Bank uses Fair Isaac rules management technology to comply with capital requirements.

To further its Basel Capital Accord (Basel II) compliance strategy, Banque Populaire (Paris, 5.7 billion euros in assets in 2002) has implemented Fair Isaac's (San Rafael, Calif.) Blaze Advisor rules management technology. The financial institution utilizes the software to develop credit risk management policies for its consumer and business portfolios.

In preparation for the Basel II compliance deadline, the bank first sought vendor proposals for risk management solutions in April 2003. Two months later, after reviewing a prototype of the Fair Isaac offering, Banque Populaire chose the vendor's Blaze Advisor technology, according to Francine Febvre, the bank's Basel II manager. The new technology allows the bank to apply business rules in its automated applications, including credit scoring, Febvre says.

Prior to implementing Blaze Advisor, Banque Populaire conducted credit scoring with a Java-based application that was problematic, Febvre says. "We had two major problems," she explains. "First, the intervention of computer programmers was necessary for the evolution of the scores. Second, programming costs were too high."

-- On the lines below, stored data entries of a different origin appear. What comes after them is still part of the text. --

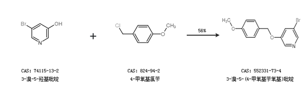 1.通过3-溴-5-羟基吡啶和4-甲氧基氯苄合成3-溴-5-(4-甲氧基苄氧基)吡啶,收率约56%;
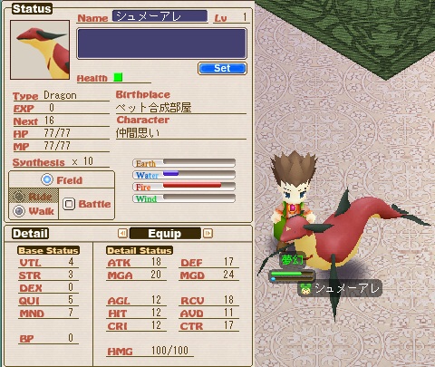 これを特殊合成というのですが、この時点では外見がレアなもの(白馬やグリフォン、黄色セプテンなどなど)になるだけで、中身やLVは合成元のモンスター2匹の能力の平均値のようになってしまいます。
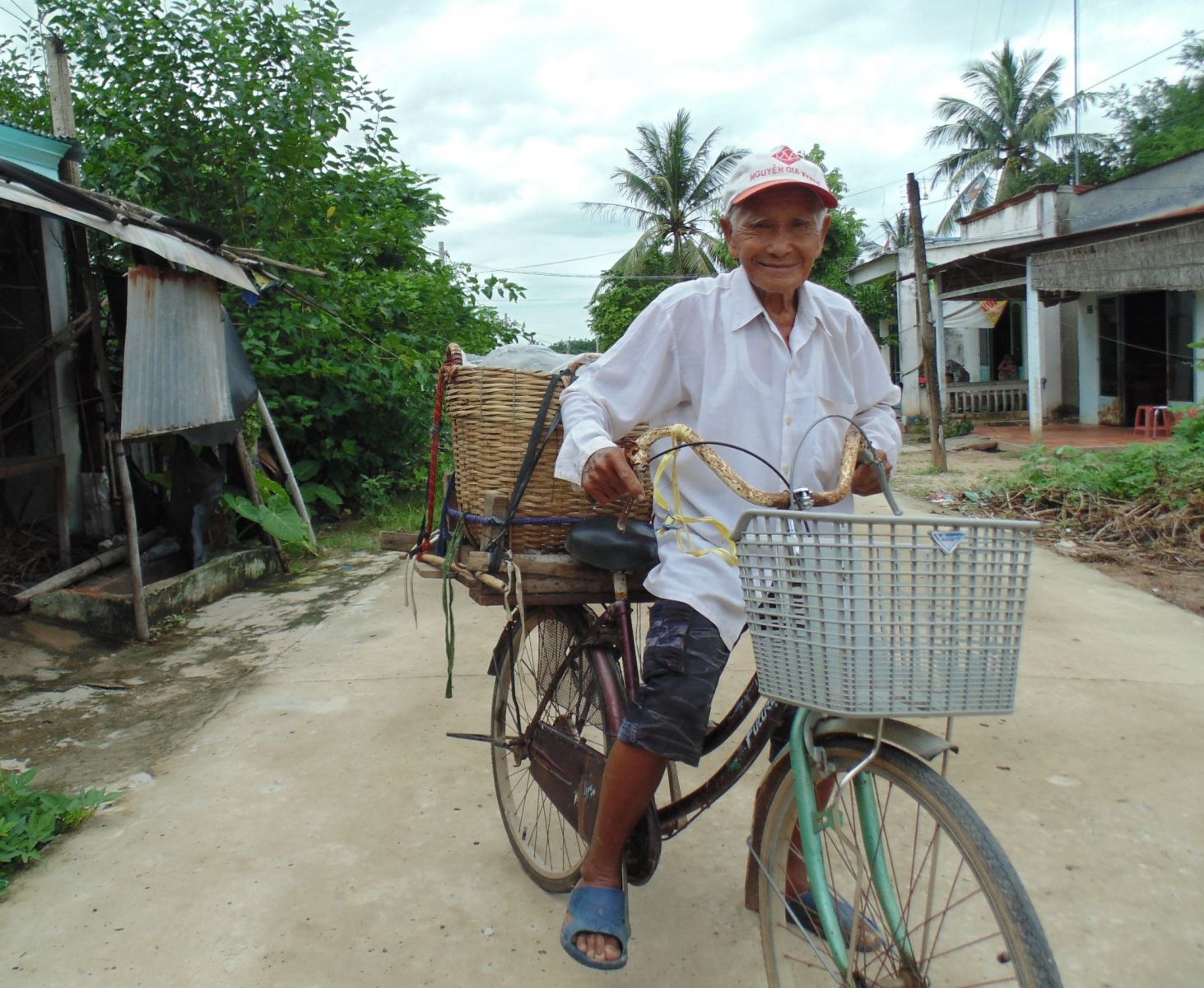 Cụ Thảo với chiếc xe đạp quen thuộc.
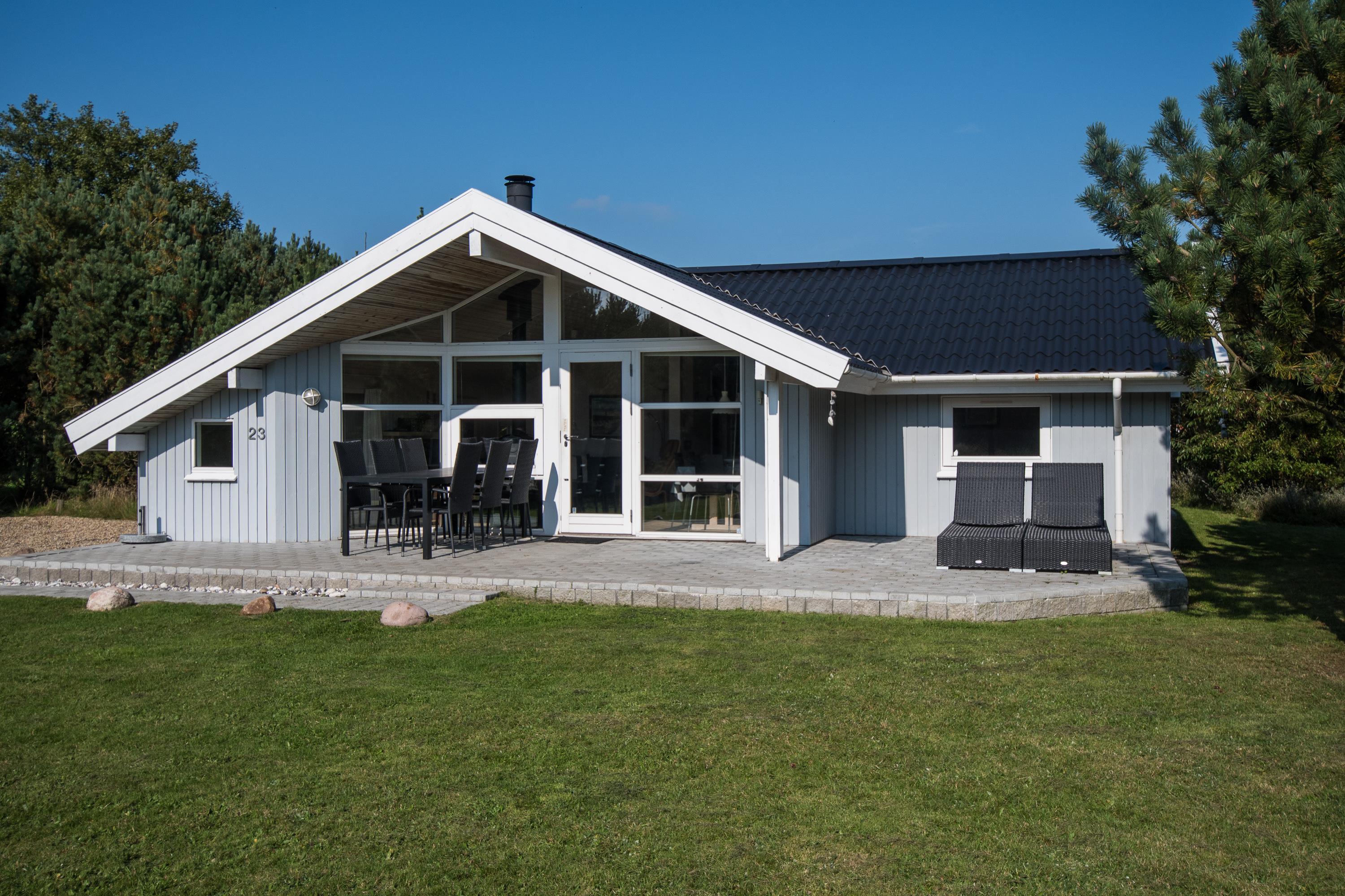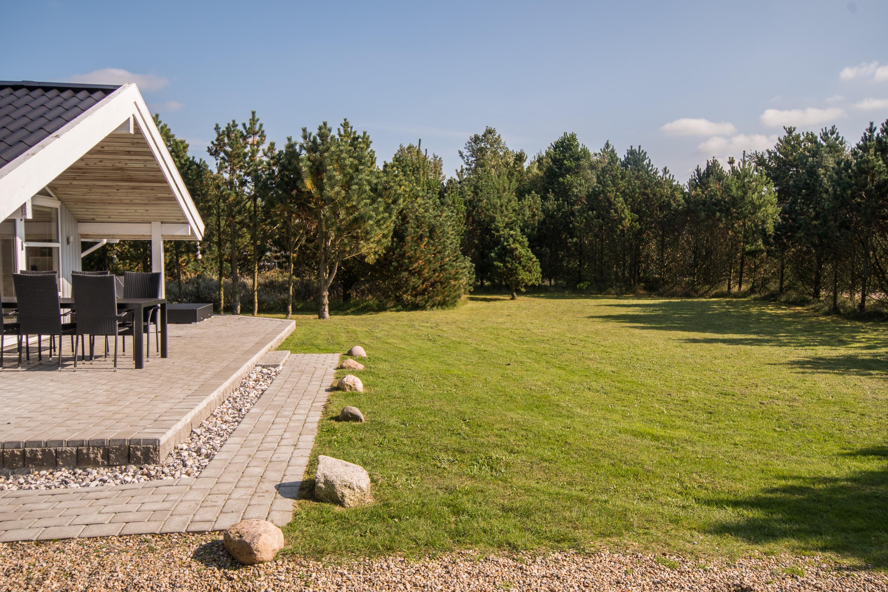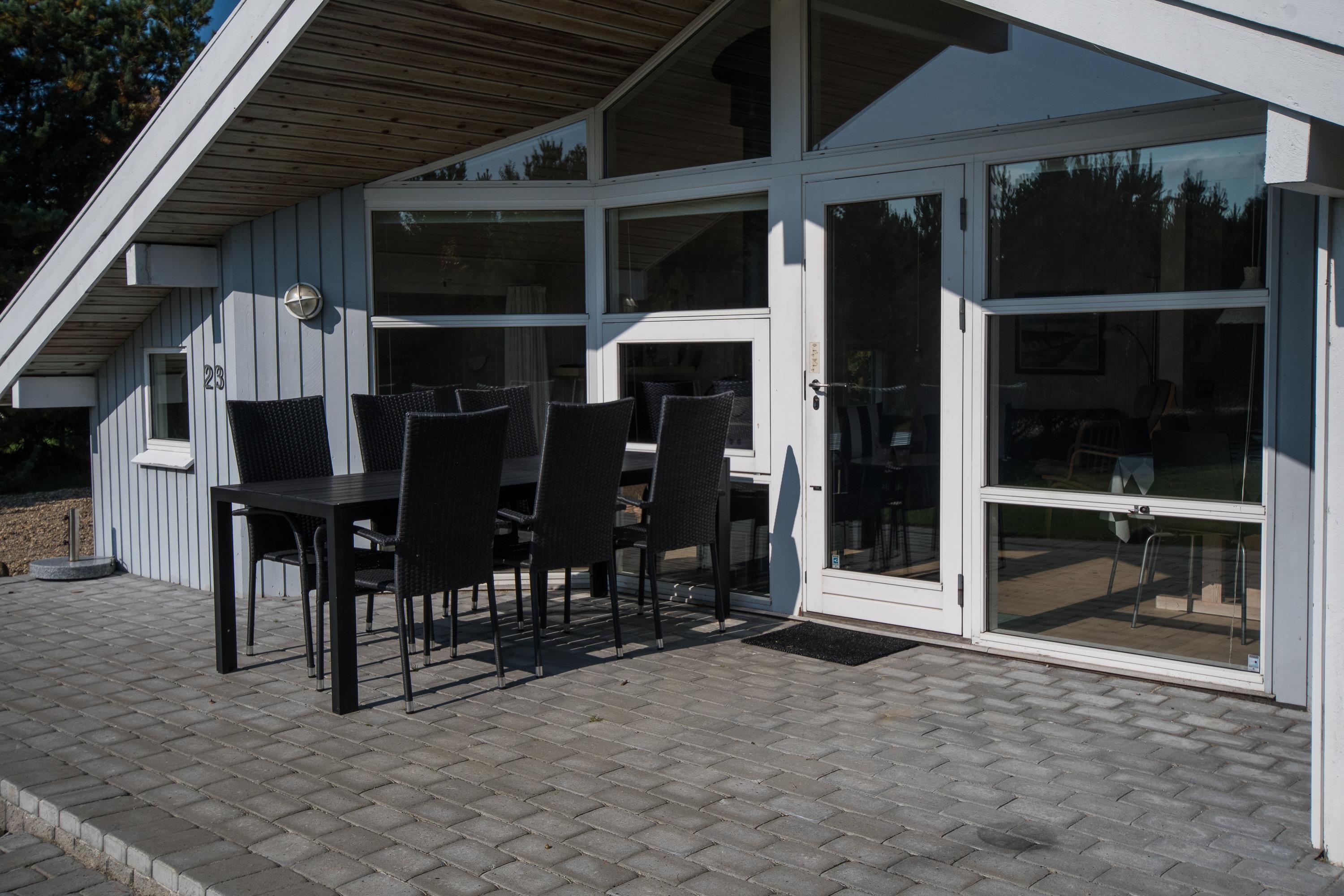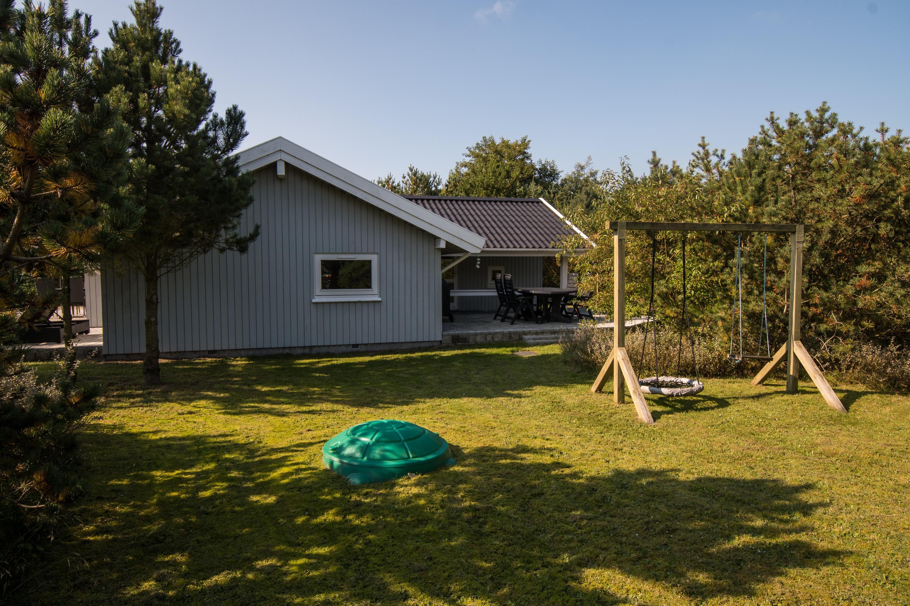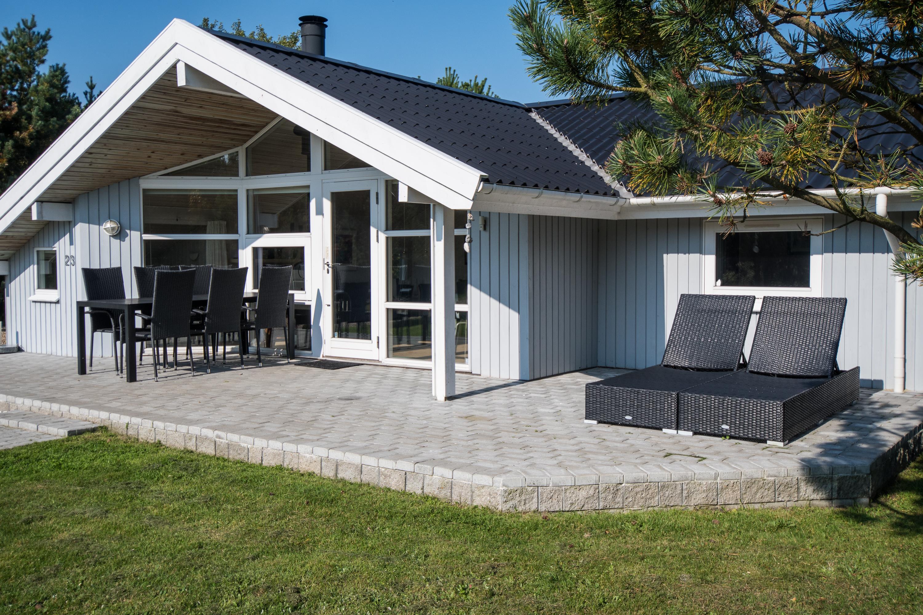 Efter en hyggelig morgenmad er det tid til at rykke ud på terrassen, hvor liggestolene står klar til at sørge for afslapning og feriefred. Luk øjnene i og nyd stilheden med hundenes gøen og børnenes latter i det fjerne, mens de leger på den store græsplæne med legeplads.
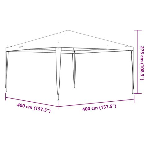Cortul de petrecere este fabricat din polietilenă rezistentă la apă și raze UV, fiind practic pentru folosirea în aer liber. Cadrul este realizat din fier rezistent, copertina de exterior fiind stabilă și durabilă. Pavilionul de grădină este ușor de asamblat.
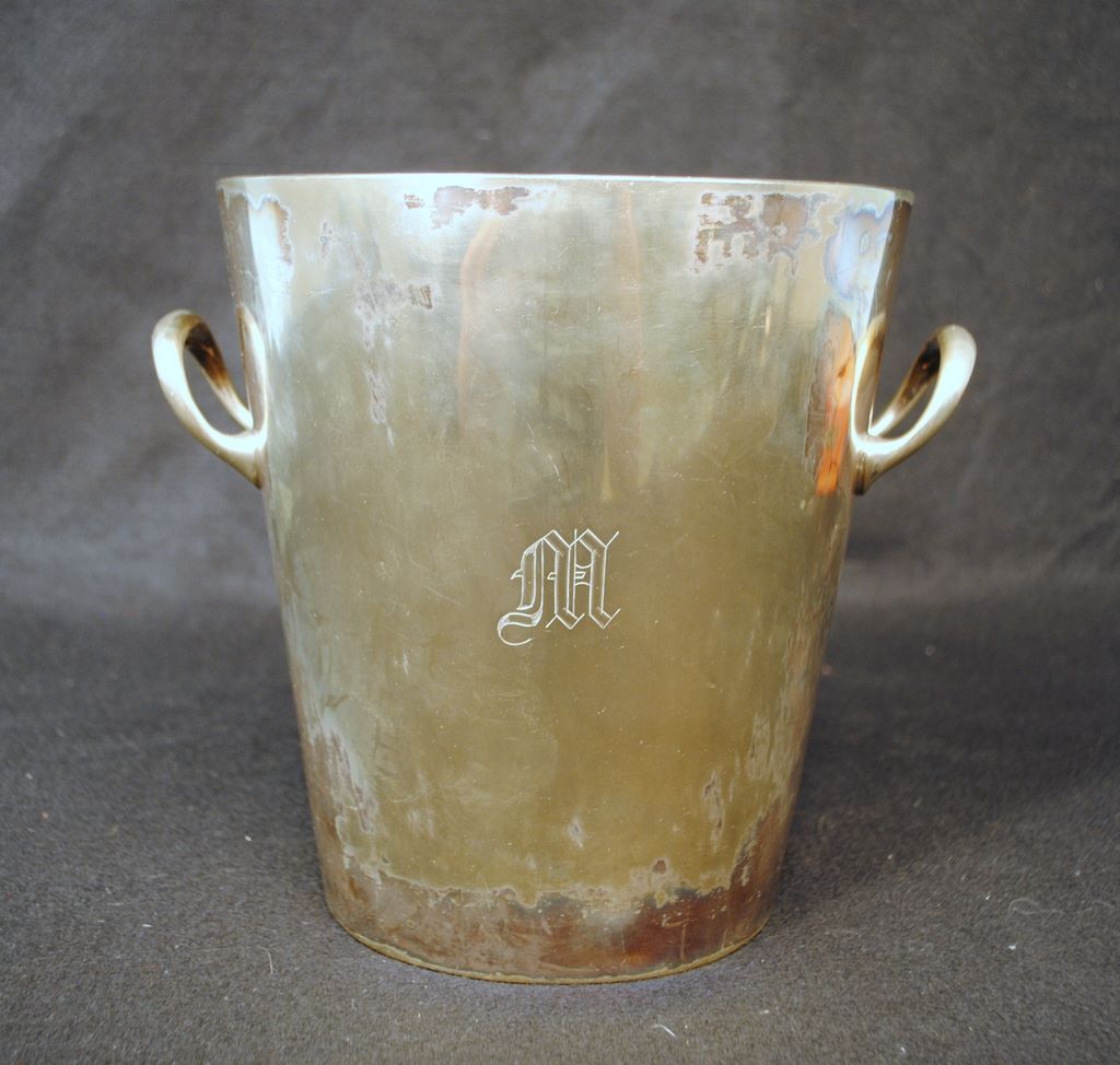 Silver Ice Bucket, electroplate two handle ice bucket with "M" monogram, 8 1/2" H., 7 3/8" dia. Silver Ice Bucket, electroplate two handle ice bucket with "M" monogram, 8 1/2" H., 7 3/8" dia.
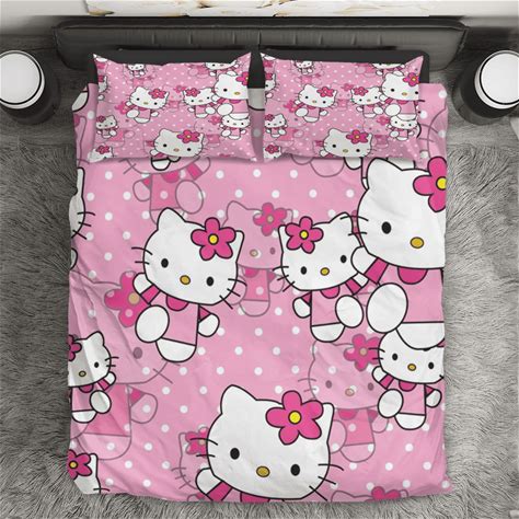 Hello Kitty Love 3D Twin Bedding Set - Black & White Cartoon Comforter - Cute Bedroom Decor For Fans
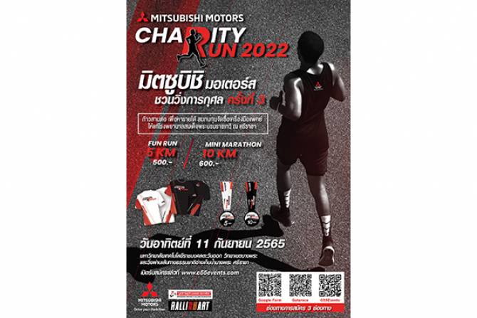 บริษัท มิตซูบิชิ มอเตอร์ส (ประเทศไทย) จำกัด ผู้จัดกิจกรรม ซึ่งร่วมสนับสนุนโดย มูลนิธิ   มิตซูบิชิ มอเตอร์ส ประเทศไทย ขอเชิญชวนนักวิ่งทุกท่านร่วมวิ่งการกุศล ครั้งที่ 3 หรือ “Mitsubishi Motors Charity Run 2022” ในวันอาทิตย์ที่ 11 กันยายน 2565 บนเส้นทางอ่างเก็บน้ำบางพระ อำเภอศรีราชา จังหวัดชลบุรี โดยรายได้ส่วนหนึ่งจากงานวิ่งการกุศลจะนำไปสมทบทุนจัดซื้อเครื่องมือทางการแพทย์ให้แก่โรงพยาบาลสมเด็จพระบรมราชเทวี ณ ศรีราชา
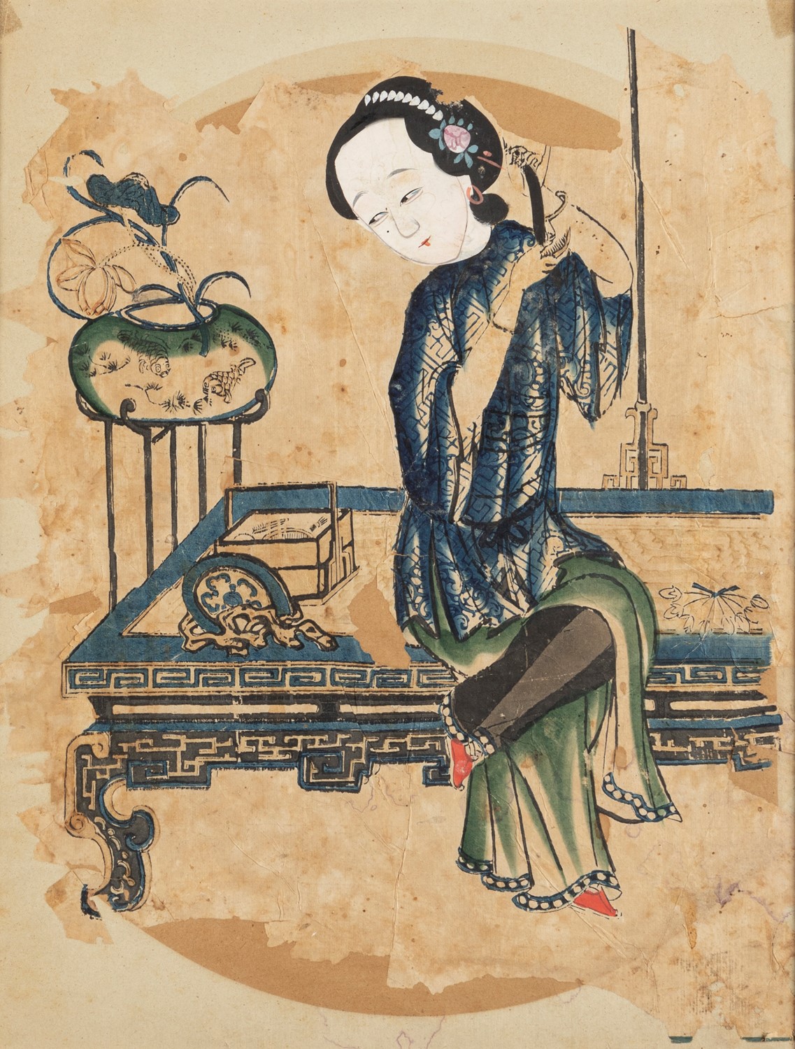 Quattro incisioni con interventi a tempera e acquerello, Cina secolo XIX
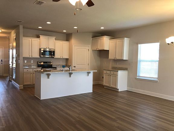 Kennedy plan as an open kitchen has granite countertops and island with undermount stainless steel sink and dishwasher.Additional appliances include a microwave and smooth top range. Vinyl plank flooring throughout and carpet in the bedrooms. This floor plan is unique in thatoffers a mother-in-law quarters complete with kitchen, bathroom, laundry room and living area. The Master bath has a separate shower and tub, dual sink vanityand walk-in closet. Enjoy afternoons on your covered porch accessible from the master bedroom and dining room.
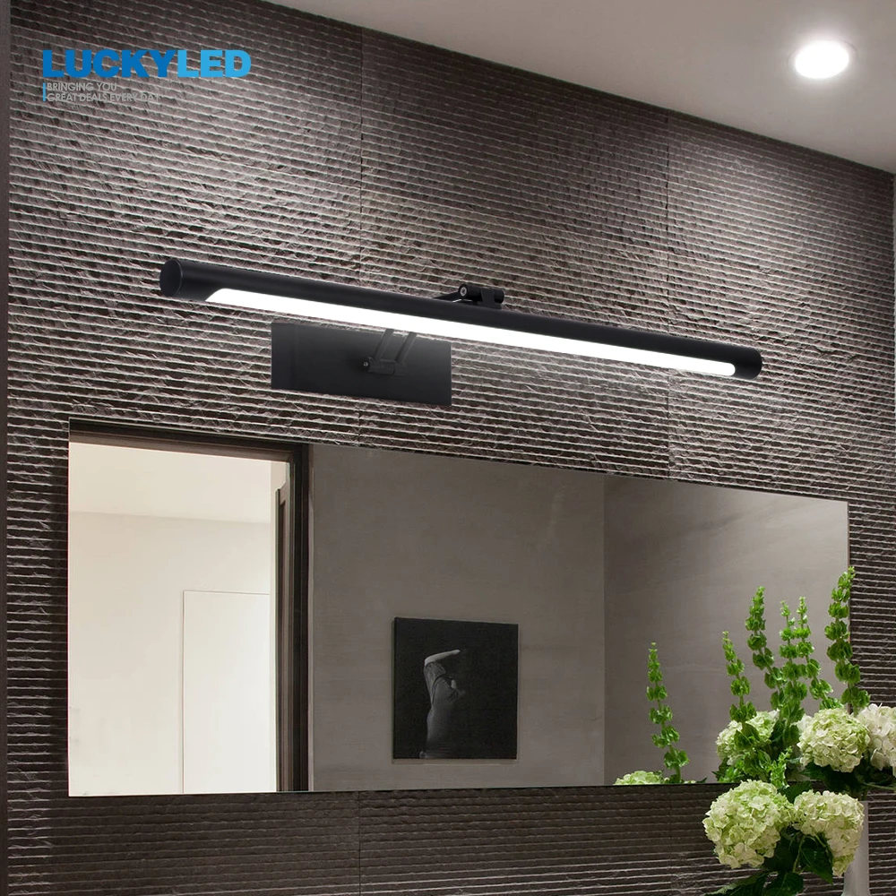 Современная светодиодный ная лампа LUCKY для ванной комнаты, зеркальный винтажный настенный светильник черного и серебристого цвета, освещение для стены, 12 Вт, 55 см

And business analysts were not involved in the credit scoring process, she adds. To be prepared for Basel II compliance, the bank needed a more flexible solution. "We also needed to implement scores built with human experience - which is written in rules - and not only based on algorithms," she says. "This was not possible by using only traditional programming techniques." Blaze Advisor allows the bank's business analysts to develop and update risk management applications as international regulations change.

Banque Populaire also sought to cut costs with the implementation of the new business rules system. "We wanted to reduce our development and maintenance costs and allow users to easily modify the parameters of the scores," says Febvre. To accomplish this, the new solution needed to integrate seamlessly with the bank's existing technology environment, which includes Unix, WebSphere, Java and DB2, among other platforms, she adds.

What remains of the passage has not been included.